Assigned task.
With pictures left out, output exactly the lines of the listing below from the line that has "- 4.Dresser with" to the line that has "a tiny pine sitting on my lasagna.", both lines kept.

Extracted information.
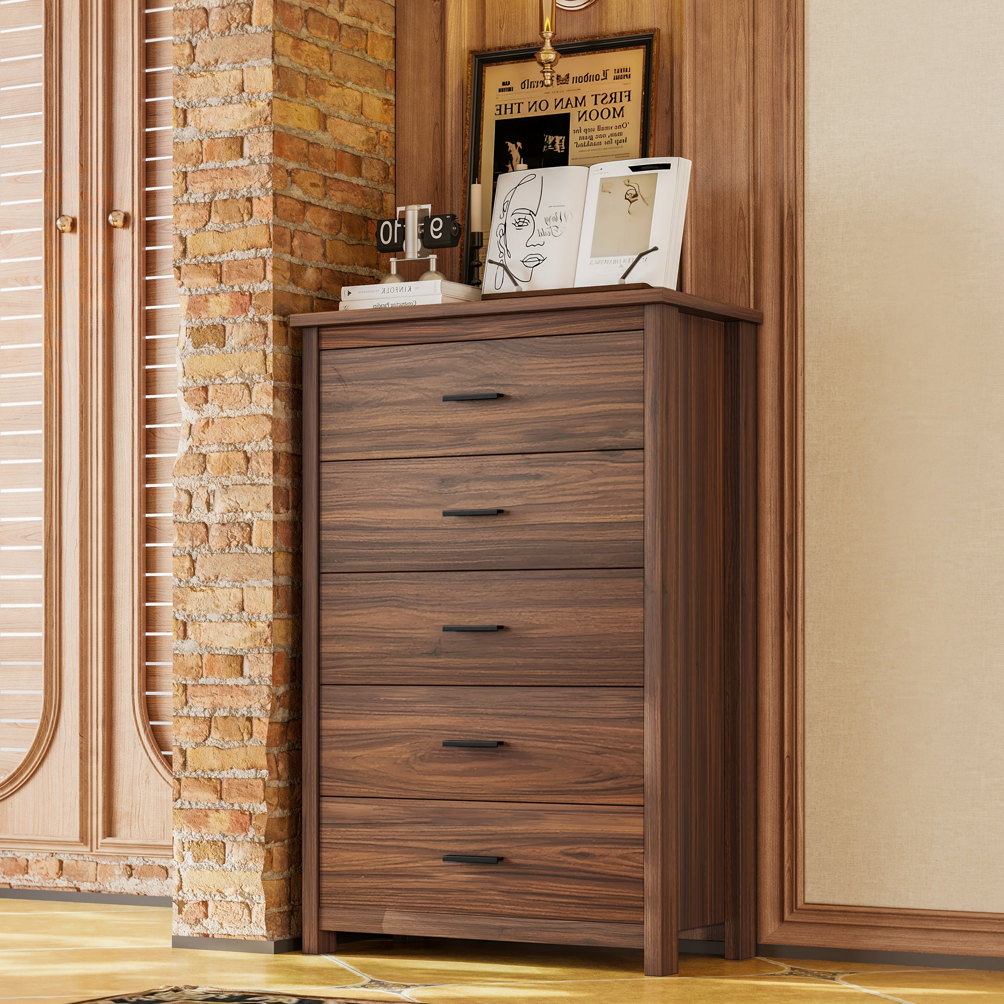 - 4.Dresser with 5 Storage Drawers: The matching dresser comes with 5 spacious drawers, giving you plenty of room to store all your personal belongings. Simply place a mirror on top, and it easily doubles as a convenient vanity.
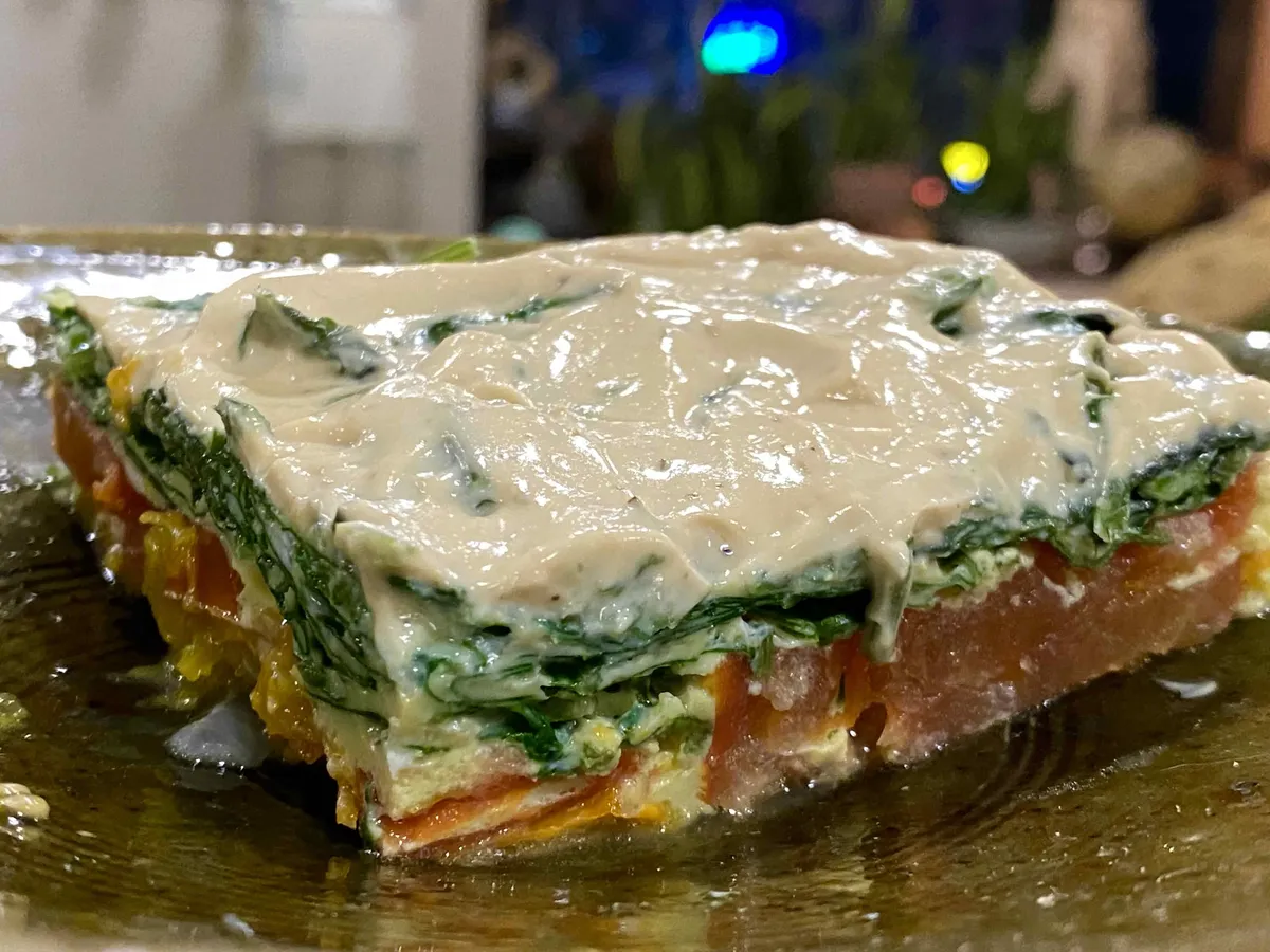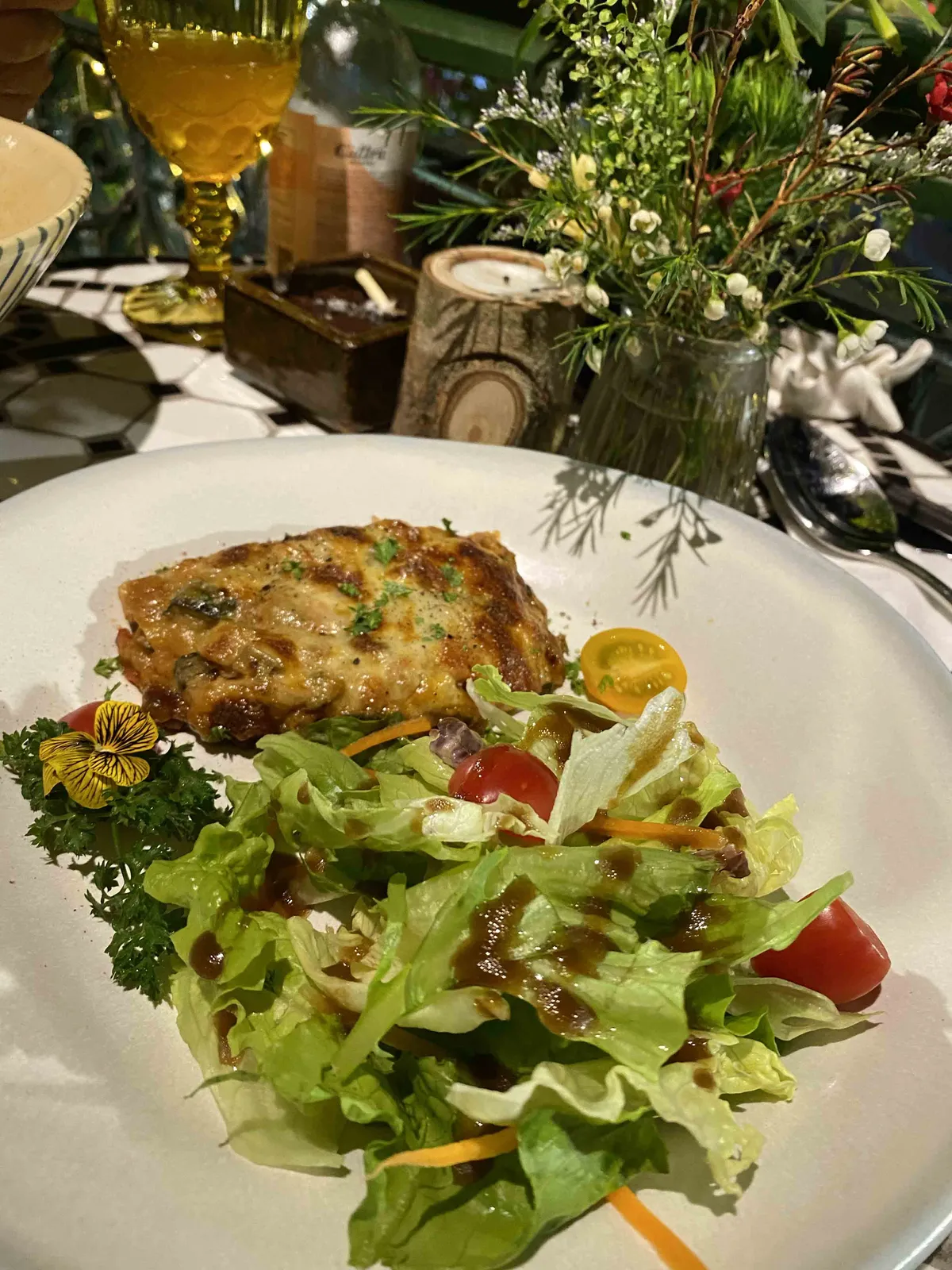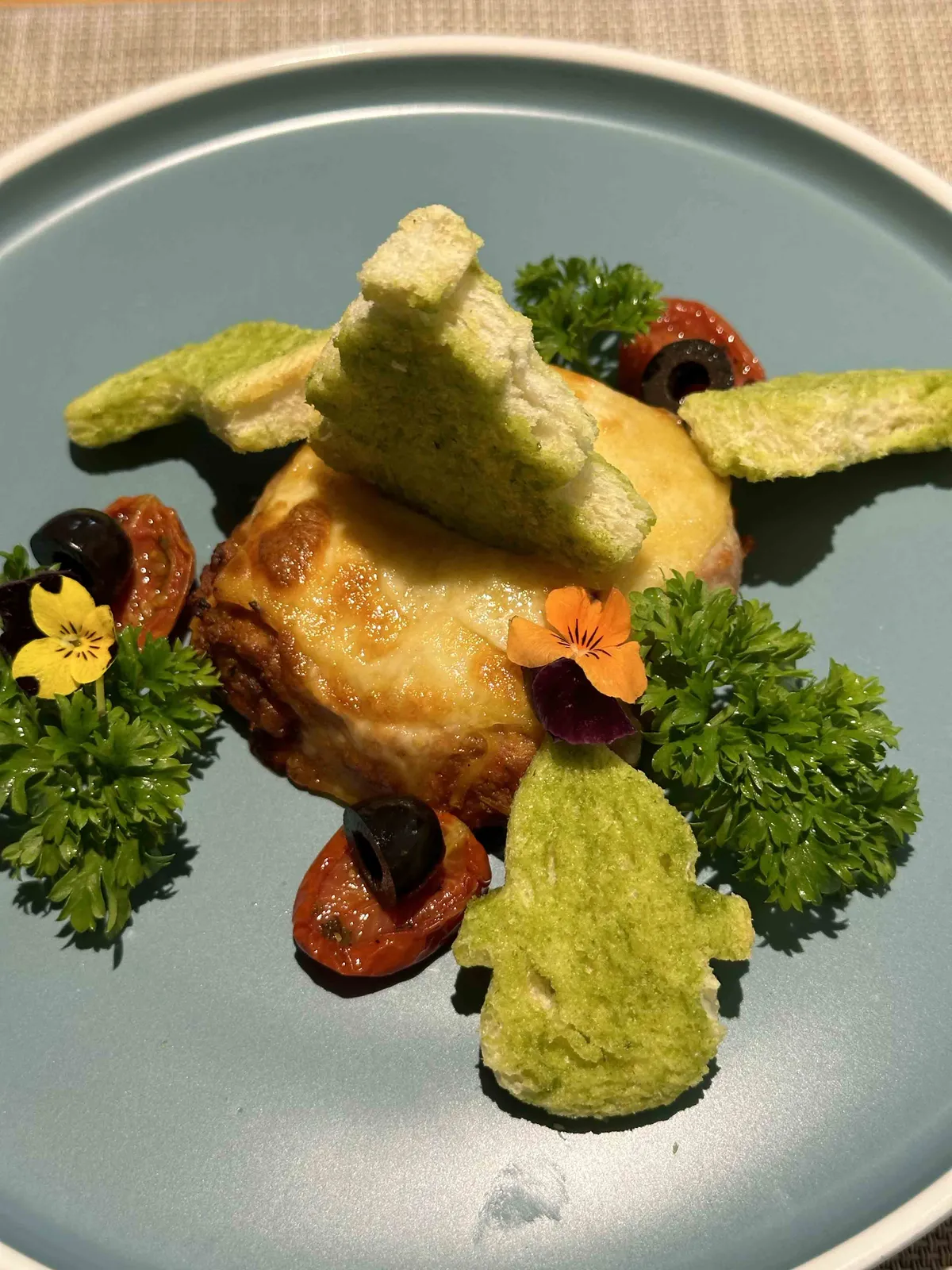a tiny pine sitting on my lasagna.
...
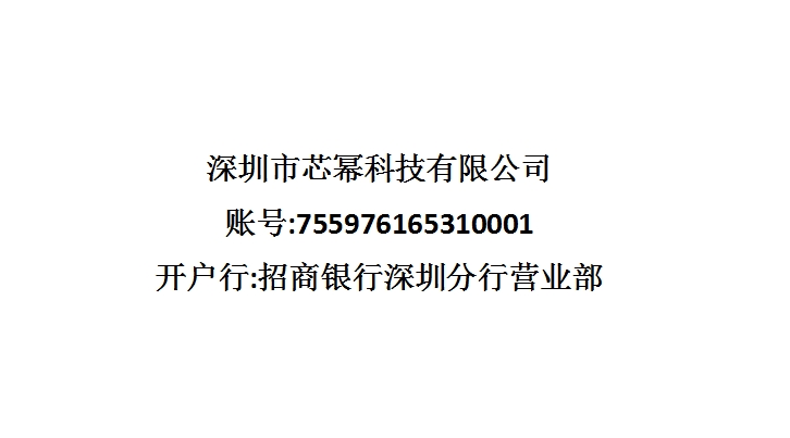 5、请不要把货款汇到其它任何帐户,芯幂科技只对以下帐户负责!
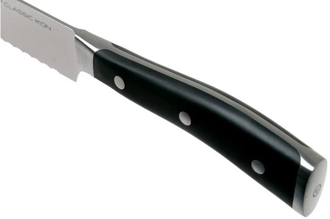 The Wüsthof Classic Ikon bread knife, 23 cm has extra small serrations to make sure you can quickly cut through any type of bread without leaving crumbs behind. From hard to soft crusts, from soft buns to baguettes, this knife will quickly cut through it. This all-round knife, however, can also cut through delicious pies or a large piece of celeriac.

Task result.
 - 4.Dresser with 5 Storage Drawers: The matching dresser comes with 5 spacious drawers, giving you plenty of room to store all your personal belongings. Simply place a mirror on top, and it easily doubles as a convenient vanity.
a tiny pine sitting on my lasagna.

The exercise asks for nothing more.